TASK DIRECTIONS →
Restate the data word for word. Leave the pictures out.

THE DATA →

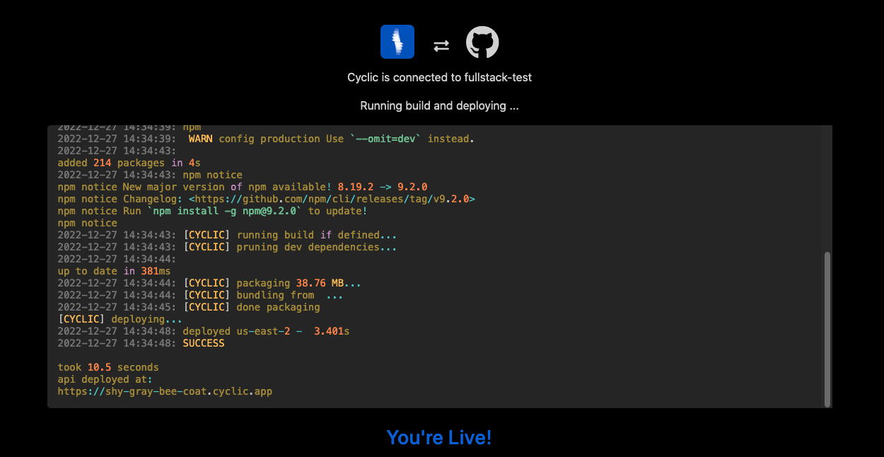 You gather your Github and your Node.js full stack app and head over to Cyclic.sh. You sign in with Github and you are ready to hit deploy.
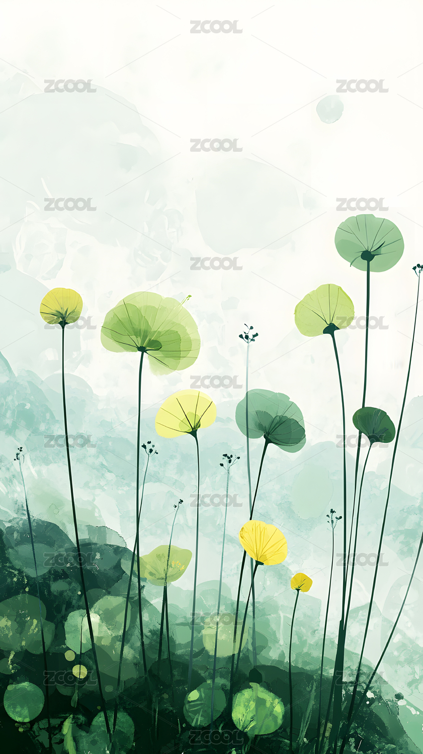 水墨,背景,意境,自然,植物,笔触,画面,花朵,绿色,白色
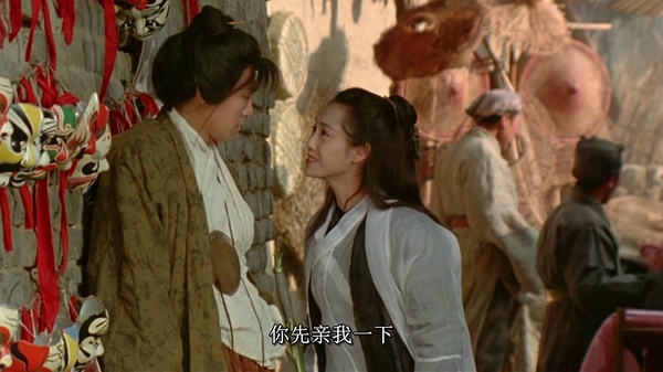 最后在西域城楼上,至尊宝上了一个刀客的身吻了下“紫霞”,转身离去。
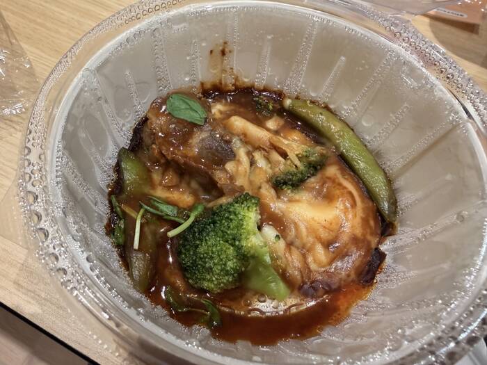 見た目も彩りよく、テーブルが華やかになりました。全体的には量が少なめ、ものによっては「これだけ?」と言うものもありましたが、私たちは年齢層が高めだったのでそれほど問題にはなりませんでした。お値段からしてローストビーフはおまけ程度かな?と期待していなかったのですが、しっかり2切れ入っていて美味しかったです。いちばん好評だったのは魚介のバルサミコ風味ちらしご飯で、お茶碗1膳分くらい食べたかったです。
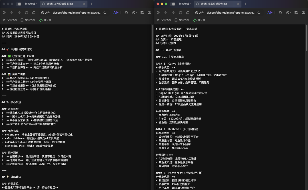 不需要在浏览器、Excel、本地文档之间反复横跳,OpenClaw像一个隐形的助理,默默地在后台把调研、清洗、入库全部做完。不再是给你一堆不知所云的文字块,而是清清楚楚的字段、状态更新和文件路径。
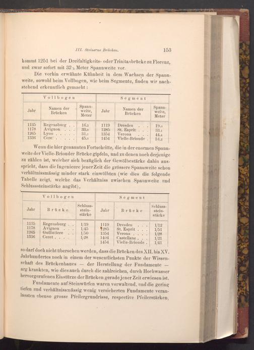 Wenn die hier genannten Fortschritte, die in der enormen Spannweite der Vielle- Briouder Brücke gipfeln, und zu denen noch derjenige zu zählen ist, welcher sich bezüglich der Gewölbestärke dahin ausspricht, dass die Ingenieure jener Zeit die grössere Spannweite schon verhältnissmässig minder stark einwölbten( wie dies die folgende Tabelle zeigt, welche das Verhältniss zwischen Spannweite und Schlusssteinstärke angibt),
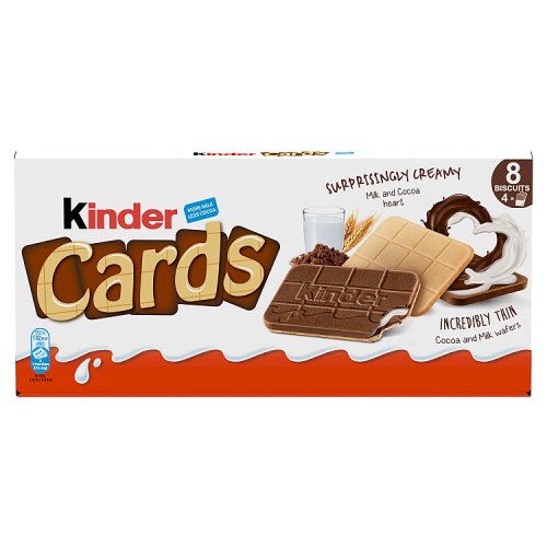 Kinder Cards, discover the unique Kinder biscuit with milk and cocoa. The cocoa & milk wafers are so thin that you immediately enjoy the surprisingly creamy milk & cocoa filling. The wafers enclose and protect the creamy heart to guarantee the highest convenience, without making your child's hands dirty. Kinder Cards is individually wrapped, to guarantee convenience and crispiness. It is ideal for an on the go break for your child. Kinder guarantees the quality of its carefully selected ingredients.

PROBLEM SOLUTION →
 You gather your Github and your Node.js full stack app and head over to Cyclic.sh. You sign in with Github and you are ready to hit deploy.
 水墨,背景,意境,自然,植物,笔触,画面,花朵,绿色,白色
 最后在西域城楼上,至尊宝上了一个刀客的身吻了下“紫霞”,转身离去。
 見た目も彩りよく、テーブルが華やかになりました。全体的には量が少なめ、ものによっては「これだけ?」と言うものもありましたが、私たちは年齢層が高めだったのでそれほど問題にはなりませんでした。お値段からしてローストビーフはおまけ程度かな?と期待していなかったのですが、しっかり2切れ入っていて美味しかったです。いちばん好評だったのは魚介のバルサミコ風味ちらしご飯で、お茶碗1膳分くらい食べたかったです。
 不需要在浏览器、Excel、本地文档之间反复横跳,OpenClaw像一个隐形的助理,默默地在后台把调研、清洗、入库全部做完。不再是给你一堆不知所云的文字块,而是清清楚楚的字段、状态更新和文件路径。
 Wenn die hier genannten Fortschritte, die in der enormen Spannweite der Vielle- Briouder Brücke gipfeln, und zu denen noch derjenige zu zählen ist, welcher sich bezüglich der Gewölbestärke dahin ausspricht, dass die Ingenieure jener Zeit die grössere Spannweite schon verhältnissmässig minder stark einwölbten( wie dies die folgende Tabelle zeigt, welche das Verhältniss zwischen Spannweite und Schlusssteinstärke angibt),
 Kinder Cards, discover the unique Kinder biscuit with milk and cocoa. The cocoa & milk wafers are so thin that you immediately enjoy the surprisingly creamy milk & cocoa filling. The wafers enclose and protect the creamy heart to guarantee the highest convenience, without making your child's hands dirty. Kinder Cards is individually wrapped, to guarantee convenience and crispiness. It is ideal for an on the go break for your child. Kinder guarantees the quality of its carefully selected ingredients.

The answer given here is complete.